In yet another aspect, embodiments disclosed herein relate to a non-transitory computer-readable memory having computer-executable instructions stored thereon that, when executed on a processor, cause the processor to perform steps including obtaining input gas flow data, where the input gas flow data includes a process gas stream flow rate for a combined process gas stream and a claus tail gas flow rate for a claus tail gas stream that enter an incinerator system of a sulfur recovery unit (SRU). The steps also include making a determination of whether the SRU is operated with a tail gas treatment unit (TGTU), selecting a first relationship in response to the determination that the SRU is not operated with the TGTU and otherwise selecting a second relationship. The steps further include determining, with the selected relationship of the first relationship and the second relationship, an optimal incinerator system temperature based on the input gas flow data, determining, based on the optimal incinerator system temperature, an optimal flow rate of a fuel gas used in the incinerator system, and adjusting a fuel gas flow rate to the optimal flow rate of the fuel gas.

Other aspects and advantages of the claimed subject matter will be apparent from the following description and the appended claims.

In the following detailed description of embodiments of the disclosure, numerous specific details are set forth in order to provide a more thorough understanding of the disclosure. However, it will be apparent to one of ordinary skill in the art that the disclosure may be practiced without these specific details. In other instances, well-known features have not been described in detail to avoid unnecessarily complicating the description.

Throughout the application, ordinal numbers (e.g., first, second, third, etc.) may be used as an adjective for an element (i.e., any noun in the application). The use of ordinal numbers is not to imply or create any particular ordering of the elements nor to limit any element to being only a single element unless expressly disclosed, such as using the terms “before,” “after,” “single,” and other such terminology. Rather, the use of ordinal numbers is to distinguish between the elements. By way of an example, a first element is distinct from a second element, and the first element may encompass more than one element and succeed (or precede) the second element in an ordering of elements.

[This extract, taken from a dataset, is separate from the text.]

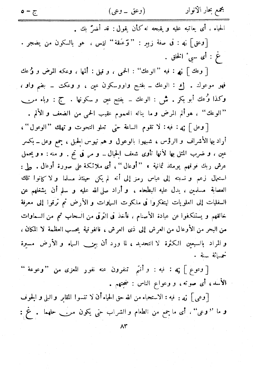 [وعل] نه: فيه: لا تقوم الساعة حتى تعلو التحوت وتهلك "الوعول"، أراد بها الأشراف والرؤس، شبهوا بالوعول وهم تيوس الجبل، جمع وعل - بكسر عين، وضرب المثل بها لأنها تأوى شعف الجبال - ومر في تح. ومنه: "ويحمل عرش ربك فوقهم يومئذ ثمانية" "أوعال"، أي ملائكة على صورة أوعال. ط: استعمال زعم ونسبته إلى عباس رمز إلى أنه لم يكن حينئذ مسلمًا ولا كانوا تلك العصابة مسلمين، يدل عليه البطحاء، وأراد صلى الله عليه وسلم أن يشغلهم عن السفليات إلى العلويات ليتفكروا في ملكوت السماوات والأرض ثم ترقوا إلى معرفة خالقهم ويستنكفوا عن عبادة الأصنام، فأخذ في الترقي من السحاب ثم من السماوات من البحر من الأوعال من العرش إلى ذي العرش، فالفوقية بحسب العظمة لا المكان، والمراد بالسبعين الكثرة لا التحديد، لما ورد أن بين السماء والأرض مسيرة خمسمائة سنة.
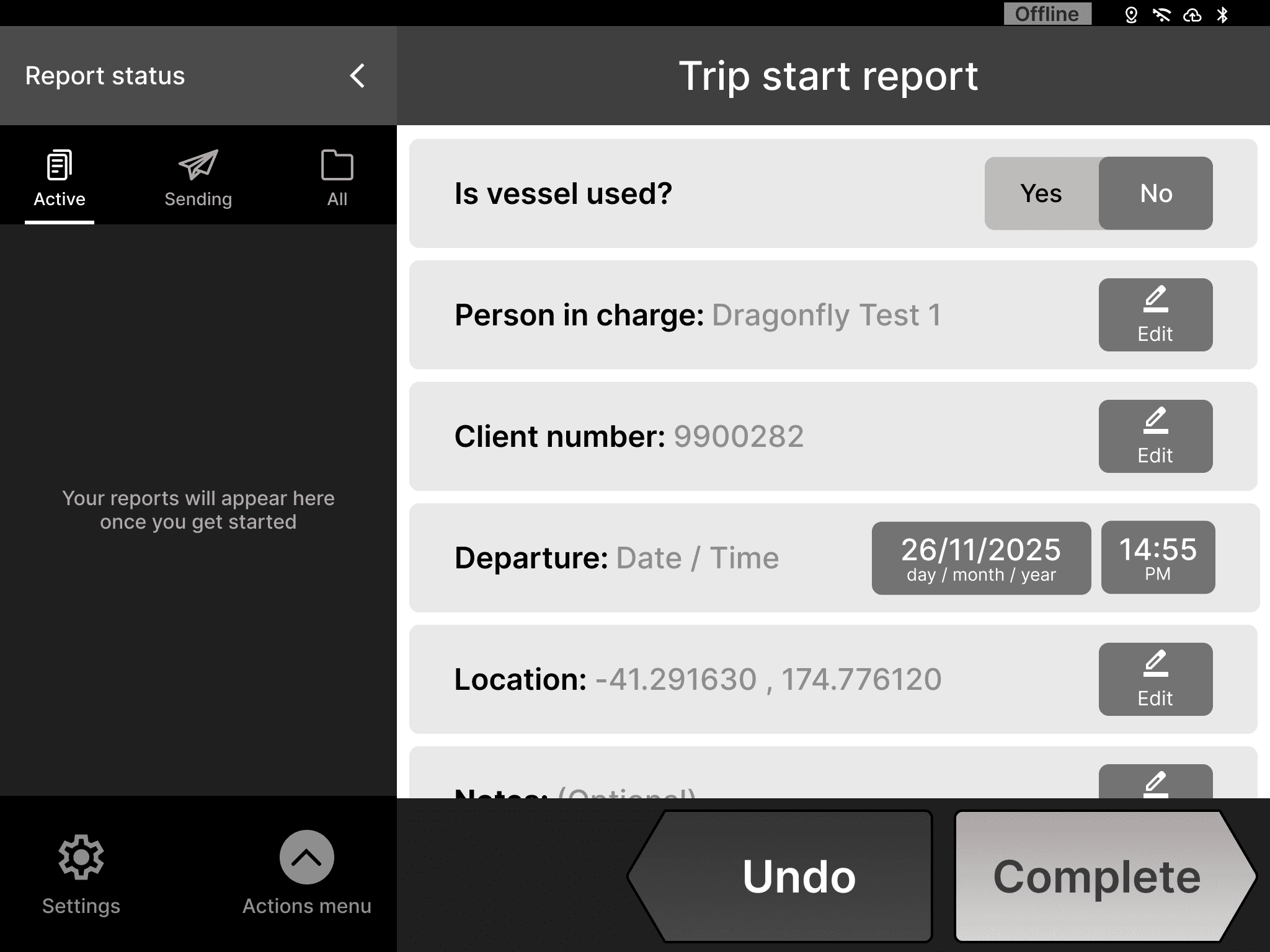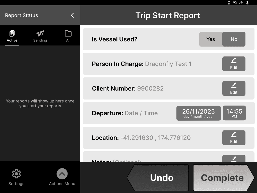 Enter your trip start report data on this page, click the “Edit” button if you want to make any changes

It is to be understood that the singular forms “a,” “an,” and “the” include plural referents unless the context clearly dictates otherwise. For example, a “valve” may include any number of “valves” without limitation.

Terms such as “approximately,” “substantially,” etc., mean that the recited characteristic, parameter, or value need not be achieved exactly, but that deviations or variations, including for example, tolerances, measurement error, measurement accuracy limitations and other factors known to those of skill in the art, may occur in amounts that do not preclude the effect the characteristic was intended to provide.

It is to be understood that one or more of the steps shown in the flowcharts may be omitted, repeated, and/or performed in a different order than the order shown. Accordingly, the scope disclosed herein should not be considered limited to the specific arrangement of steps shown in the flowcharts.

Although multiple dependent claims are not introduced, it would be apparent to one of ordinary skill that the subject matter of the dependent claims of one or more embodiments may be combined with other dependent claims.

In the following description of, any component described with regard to a figure, in various embodiments disclosed herein, may be equivalent to one or more like-named components described with regard to any other figure. For brevity, descriptions of these components will not be repeated with regard to cach figure. Thus, each and every embodiment of the components of each figure is incorporated by reference and assumed to be optionally present within every other figure having one or more like-named components. Additionally, in accordance with various embodiments disclosed herein, any description of the components of a figure is to be interpreted as an optional embodiment which may be implemented in addition to, in conjunction with, or in place of the embodiments described with regard to a corresponding like-named component in any other figure.

Embodiments disclosed herein generally relate to systems and methods to automatically adjust the operation of a sulfur recovery unit (SRU) using an SRU Fuel Optimizer. The SRU fuel optimizer according to one or more embodiments may receive flow rate data from one or more flow control systems, process the received data, determine an optimal incinerator system temperature using an empirical relationship between the flow rate and the incinerator system temperature, and adjust the incinerator system temperature to the optimal incinerator system temperature.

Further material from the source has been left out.